There are few worse feelings than being totally mentally or physically exhausted and not being able to fall asleep. But studies show that CBD may be, as Mattress Land likes to say about their mattresses, “your ticket to a better night’s sleep.” Why? Doctor’s don’t know for sure, but it’s possible that it’s partly due to the positive influence CBD has on maintaining homeostasis through the endocannabinoid system.
What is Homeostasis?
A process or reaction our body utilizes to maintain a balanced internal environment:
- Oxygen Levels
- Internal Temperature
- Pain Management
When your homeostatic functions are compromised, it can cause all kinds of problems with your mood, appetite, resistance to disease, and anxiety levels. And studies clearly show that an increase in anxiety often leads to a decrease in sleep.
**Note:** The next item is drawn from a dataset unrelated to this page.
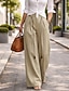 Mulheres Calças de linho de algodão Perna larga chinês Calça verão Férias Roupa de rua Básico Comprimento total Cintura Média Tecido Bolsos Cintura elástica Confortável Sem Elasticidade Diário Ao ar

“Several patients with sleep issues report that ingesting a CBD-rich tincture or extract a few hours before bedtime has a balancing effect that facilitates a good night’s sleep.” — CBD Project
Rapid Eye Movement (REM) Issues and Increasing Restful Sleep
In various clinical trials, CBD has shown the ability to decrease the amount of REM sleep issues. REM sleep consists of rapid movements of the eye, body paralysis, increase in heartbeat & breathing, and dreaming. During a state associated with certain conditions, the body paralysis does not occur, giving the dreamer full access to his or her muscles. According to studies, CBD has also shown potential to improve REM sleep abnormalities with those suffering from stress related issues.
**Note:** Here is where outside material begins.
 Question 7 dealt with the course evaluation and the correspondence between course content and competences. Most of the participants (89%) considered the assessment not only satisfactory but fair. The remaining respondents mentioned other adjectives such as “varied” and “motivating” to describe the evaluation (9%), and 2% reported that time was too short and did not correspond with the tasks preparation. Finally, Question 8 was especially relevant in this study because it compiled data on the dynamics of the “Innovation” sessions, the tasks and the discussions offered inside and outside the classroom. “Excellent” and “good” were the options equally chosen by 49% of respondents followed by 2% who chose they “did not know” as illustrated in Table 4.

How Much CBD Should You Take to Help You Sleep?
Because CBD is not a drug and is not regulated by the United States Food and Drug Administration (FDA), there are no true government guidelines. But unlike prescription and over-the-counter sleep aids, you can’t become addicted or realistically consume too much—as the number of lethal CBD overdoses and marijuana overdoses combined in this country has steadily remained at zero for quite some time.
That being said, if you are worried about any potential interactions with your current drugs, please reach out to your prescribing physician. Surprisingly, physicians are more and more willing to have conversations about CBD, and the promise it holds as an alternative remedy.
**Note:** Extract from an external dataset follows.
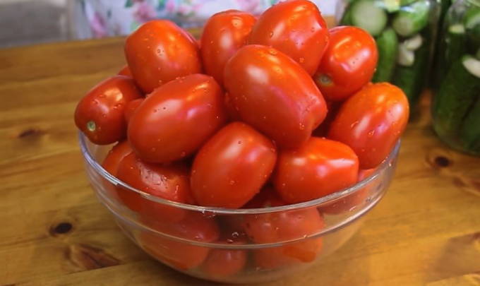 - Laten we in de tussentijd verder gaan met het bereiden van de marinade. Neem hiervoor vlezige tomaten en spoel ze goed af onder stromend water.

Selecting the Right CBD to Help You Sleep
It cannot be overstated that you get your CBD from the right place. Because CBD is not regulated by the FDA, you need to look around and not order from the first CBD supplier you come across. Getting premium CBD oil that is extracted from domestic, organically grown hemp—like the CBD supplied by nganic.com—is a great place to start.
What to Look for When Finding the Right CBD to Help You Sleep
- Know where and how the hemp was grown (organic is the gold standard)
- Make sure the THC level is less than 0.3%
- Concentration should be at least 250 mg/oz
- Third party lab results should be available
- Total CBD amount should be listed
- CBD is superior when extracted using CO2method
- Seller’s phone number should be listed (on website/brochure/etc)
- Seller should NOT make medical claims
- You get what you pay for (bargain rate ≠ bargain)
CBD: Start Slow and Work Your Way Up
As with most health supplements, it’s recommended users start with a low dosage and gradually increase it. It’s a good to see how your body reacts and make adjustments accordingly. For some, one dose under the tongue might be perfect. For others, two, three, or even more doses might be more beneficial.
It’s also suggested that new CBD users stick with it for at least 30-60 days. Many people have reported that their first day of CBD use resulted in the best night’s sleep they experienced in months, but others have needed to take CBD for several weeks to start feeling the benefits.
At the end of the day, everyone has to go with what works best for them. You are unique and using CBD as an all-natural sleep aid will be unique to you. Sweet dreams!